*Exercise directions:* Leaving pictures aside, restate exactly the lines of the data below, from the first one through the line that contains "據(jù)南方財(cái)富".

☆ ☆ ☆

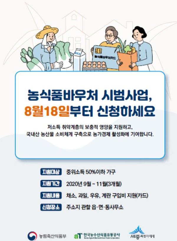 세종특별자치시(시장 이춘희)가 저소득층에 농식품을 구입할 수 있는 전자바우처를 지원하는 ‘2020 농식품바우처 시범사업’을 추진하기로 하고 18일부터 신청·접수를 시작한다.
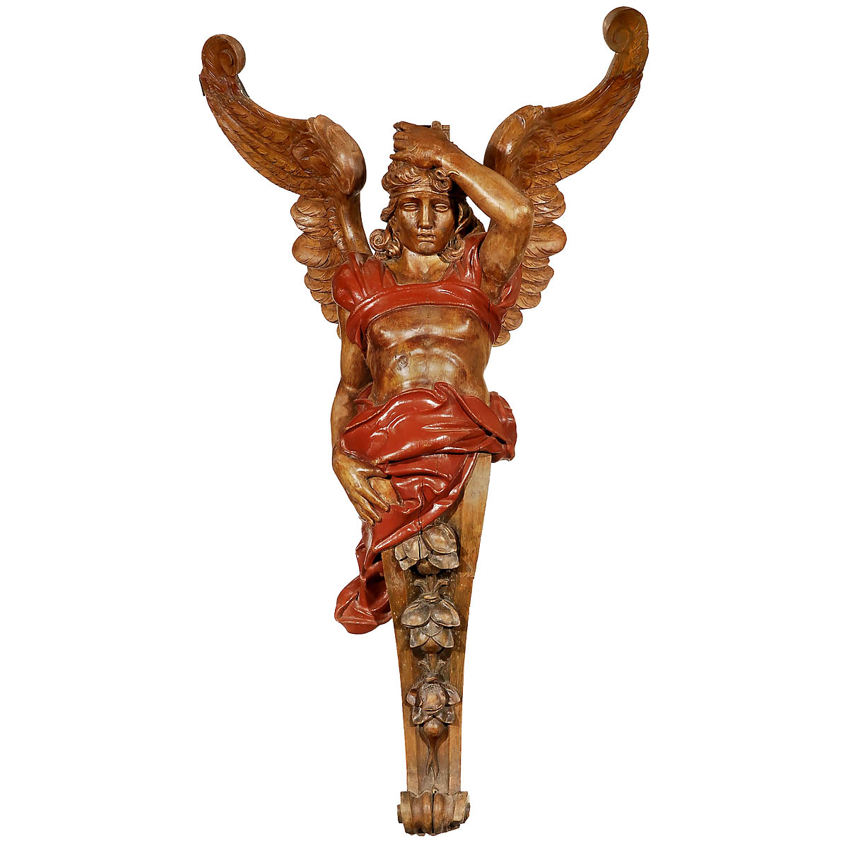 In form of an angel, finely carved wood, height 52 in. Figures of this kind were found on fairground rides and stages.
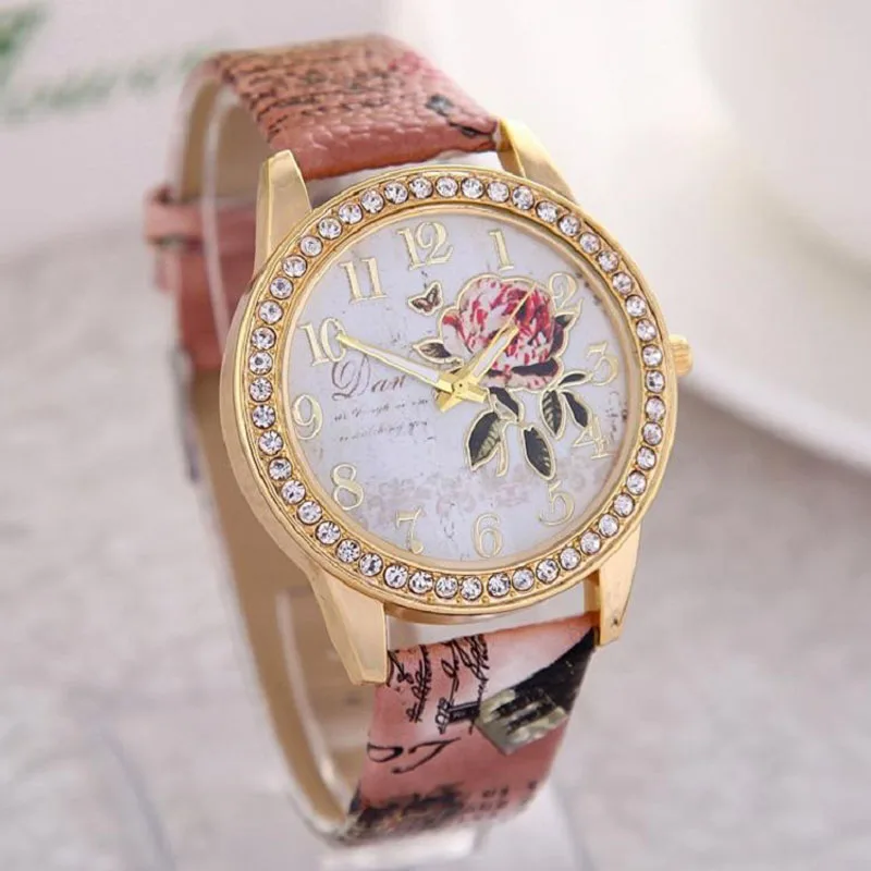 Женские наручные часы reloj mujer с розами, кожаным ремешком с граффити, женские часы relogio feminino
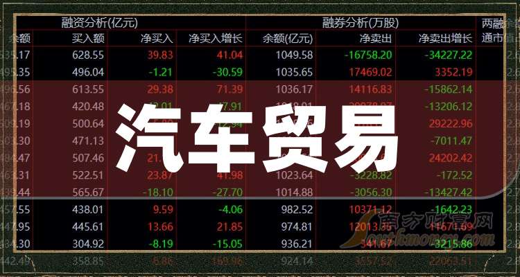 據(jù)南方財(cái)富網(wǎng)概念庫(kù)數(shù)據(jù)顯示,汽車貿(mào)易題材上市企業(yè):
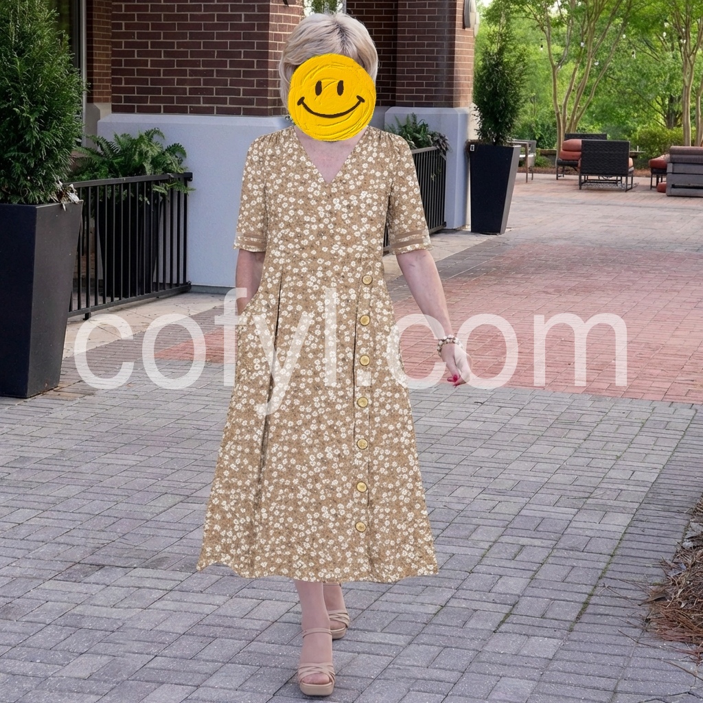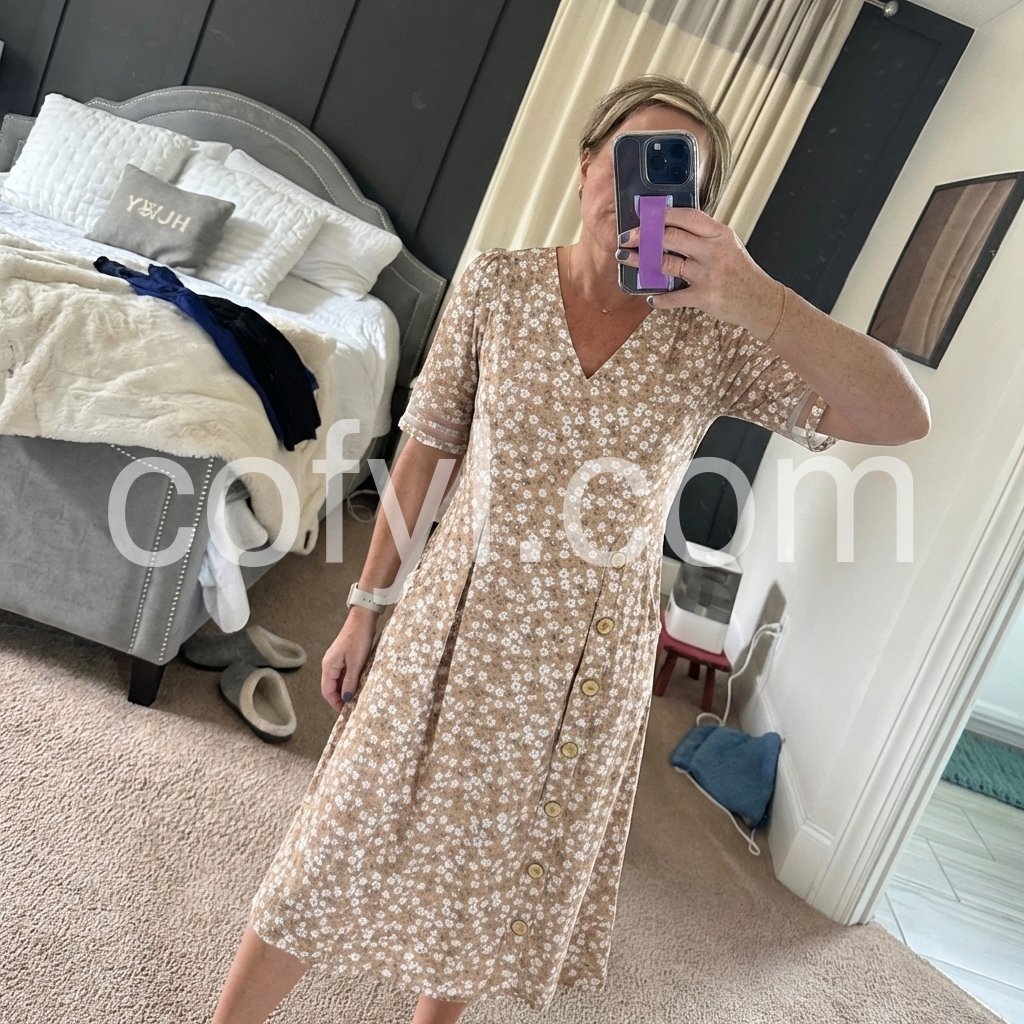The V-neck and button-up front give it a really cute, laid-back vibe, and the short sleeves make it ideal for warm weather. The floral pattern is vibrant without being over the top, and it pairs great with sandals for a casual day out or can be dressed up with accessories for dinner. She’s worn it to brunch, beach walks, and even a summer wedding—it’s that versatile.Comfortable, breathable, and super flattering.

☆ ☆ ☆

*Your response:*
 세종특별자치시(시장 이춘희)가 저소득층에 농식품을 구입할 수 있는 전자바우처를 지원하는 ‘2020 농식품바우처 시범사업’을 추진하기로 하고 18일부터 신청·접수를 시작한다.
 In form of an angel, finely carved wood, height 52 in. Figures of this kind were found on fairground rides and stages.
 Женские наручные часы reloj mujer с розами, кожаным ремешком с граффити, женские часы relogio feminino
 據(jù)南方財(cái)富網(wǎng)概念庫(kù)數(shù)據(jù)顯示,汽車貿(mào)易題材上市企業(yè):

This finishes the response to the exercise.